Oregon celebrates National Agriculture Week 2008
Mar 14,2008 00:00
ODA Director Says it is a Fascinating Time For Agriculture
Oregonians and citizens across the United States have a chance to say thank you to the nation's farmers and ranchers this coming week, and maybe learn something about agriculture at the same time. That's the hope of Oregon Department of Agriculture Director Katy Coba as National Agriculture Week takes place March 16-22. The annual event is designed to salute the more than two million agricultural operators in the U.S. and well over 39,000 farmers and ranchers in Oregon.
Coba believes 2008 will go down as a memorable year for agriculture.
"This is a fascinating time for the industry, both in Oregon and throughout the U.S.," she says. "We are seeing prices at an all-time high for many commodities. We are seeing record agricultural exports. And we are certainly seeing a lot of attention paid by consumers as to where their food comes from. I expect all this to lead to a debate on agriculture and food, where it comes from, and where we want our agricultural products to come from in the future."
A recently completed Oregon State University study- commissioned by ODA- looked at agriculture's impact on the state's economy. The study confirms the industry's vast contributions:
- Agriculture is directly and indirectly linked to $25.8 billion in sales of goods and services, accounting for 10.6 percent of the state's total sales .
- Agriculture directly or indirectly supports 214,511 full or part-time jobs, accounting for 10.1 percent of all jobs in Oregon.
- Oregon farms and ranches occupy 17.1 million acres, or 28 percent of the land in Oregon.
With the value of Oregon's agricultural production at an all time high, some might expect that more land is being used to grow crops and raise livestock. But that increase in production is actually being done on less acreage, both statewide and nationwide.
"The year is now 2008, and farmers are as good as anyone at taking advantage of research, development, innovation, and technology," says Coba. "We see the results in terms of higher yields of product per acre. Interestingly, we also see the use of pesticides as flattened out. Farmers don't have to increase pesticide use in order to get those increased yields."
As she has said repeatedly in recent years, Coba believes the importance of agriculture's contribution to Oregon's economy is quite clear. But she also stresses the increasing importance of agriculture's contribution to the environment.
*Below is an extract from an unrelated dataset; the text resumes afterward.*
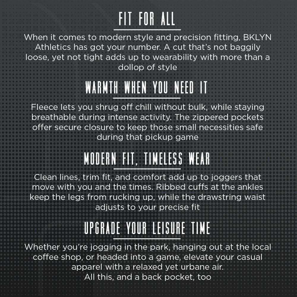 BROOKLYN ATHLETICS apparel draws inspiration from the East Coast surf and skate scenes. Clothing designed for individuals whose lifestyles are active, functional and adventurous. Designs feature modern and innovative details that appeal to everyone. Soft fleece, ribbed cuffs and adjustable drawcord provide added comfort. Sizing is designed for a slim/athletic fit. We recommend ordering a size larger for a looser fit. Model shown is 6'1" with an athletic build wearing a size medium. Features two side zipper pockets, one back zipper pocket, elastic waistband. Jogger pants are tapered style sweatpants designed to have a slim/skinny fit compared to loose fit sweatpants. Leg cuffs fall just above the ankle. Great for all seasons. Perfect for casual wear, exercise, active sports, lounging around the house or everyday use. Available in your favorite colors in regular, big and tall sizes. (S to 4XL ) See size chart to compare measurements and choose your fit. Midweight fleece blend gives these pants a soft and comfortable feel in a stylish fit. Made from 60% Cotton and 40% Polyester. We stand by the quality of our apparel and includes no hassle 100% money back guarantee if not satisfied. The fleece fabric provides a comfortable and stylish fit for year round wear. These fleece jogger pants for men are available in a variety of colors and sizes, so you can definitely find a pair that you'll love. Colors Available: Olive, Solid Black, Black Marl Gray, Onyx Marl Black, Olive Camo, Gray Camo, Black Snow, Black Streaky. Sizes Available: Small, Medium, Large, X-Large, 2X-Large, 3X-Large, 4X-Large.

"Farmers and ranchers realize that to get the most out of their land, they have to take care of their land," says Coba. "Producers are very conscious of taking care of the natural resources."
Statistics can demonstrate the positive impact agriculture has on Oregon's natural resources:
While less than two percent of the nation's population is directly involved in raising crops or livestock, those farmers and ranchers are highly productive. Fifty years ago, one farmer produced enough food to feed about 26 people each day in the U.S. and abroad. Today, that number is more than 144. Despite all the staggering numbers, many Americans- and Oregonians- don't fully understand all that goes into agriculture. Coba hopes National Agriculture Week 2008 may change some of that. Her call to action this year includes a new component.
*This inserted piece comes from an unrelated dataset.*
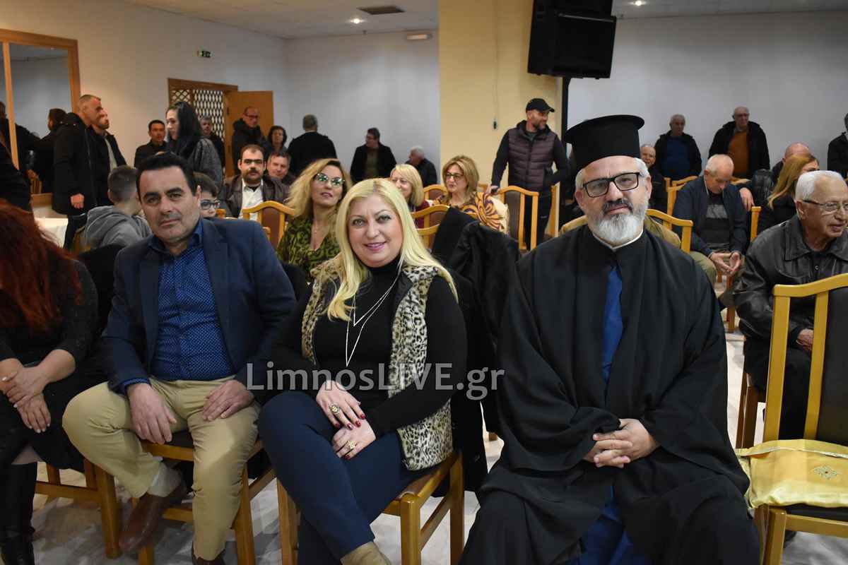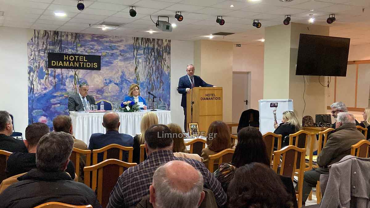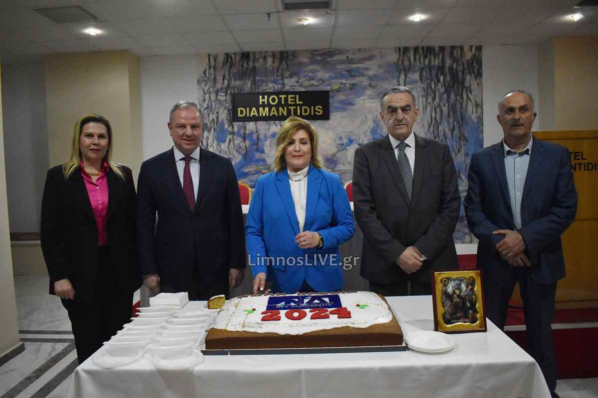 Χθες, Δευτέρα 19 Φεβρουαρίου, η Τοπική Οργάνωση της Νέας Δημοκρατίας στη Λήμνο διοργάνωσε την κοπή της Πρωτοχρονιάτικης Βασιλόπιτας της στο ξενοδοχείο Διαμαντίδη, με την παρουσία του Υφυπουργού Αγροτικής Ανάπτυξης, κ. Διονύσιου Σταμενίτη, του βουλευτή στο νομό Λέσβου, κ. Χαράλαμπου Αθανασίου, του Αντιπεριφερειάρχη σε θέματα Αγροτικής Ανάπτυξης, κ. Αγγέλου Βλάττα Λαμπρινού, της Δημάρχου Λήμνου, κας Ελεονώρας Γεώργας, δημοτικών συμβούλων και φίλων του κόμματος.

- Oregon farmers and ranchers provide food and habitat to over 70 percent of the state's wildlife at different times of the year.
- Erosion on cropland and rangeland has been reduced by more than 35 percent in the past decade due to changes in practices by Oregon farmers and ranchers.
- Oregon farmers and ranchers have nearly 600,000 acres enrolled in federal conservation programs.
- Oregon leads the nation in the number of water transfers, and the amount used for conservation and wildlife.
"I always encourage consumers to buy locally grown products, whether it's at the grocery store or at a local farmers' market," says Coba. "But the next thing I'd like consumers to do is take the opportunity to learn a little bit more about how agriculture works. We are so far removed from the farm compared to the generations before us. Agriculture is industry without walls. What farmers and ranchers do on the land is indeed industry. It can be noisy, it can be dusty, it can happen at early hours of the morning. But in order for Oregonians and Americans to enjoy the wonderful products we produce, they need to understand all the work that goes into providing those products."
Dedicating one week of the year to honoring agriculture is nice, but Coba would like to see year around awareness. For many consumers, that is already happening whether they know it or not.
"It's nice to have National Agriculture Week in the spring when things are greening, flowers are starting to bloom, crops are beginning to emerge, and we're seeing young lambs and calves," says Coba. "But each season, agriculture brings something special. With urban residents going to farmers' markets spring, summer, and fall, along with all the wonderful harvest celebrations held throughout the year, people beyond farmers and ranchers do take part in the celebration of agriculture."
This is Coba's sixth National Agriculture Week as ODA director. Despite a lack of knowledge sometimes displayed by people not associated with farming, she appreciates that most people feel good about agriculture.
"I think Oregonians really do appreciate agriculture. I just challenge them to better understand what it takes to produce crops and livestock. That's my wish for this year's National Agriculture Week."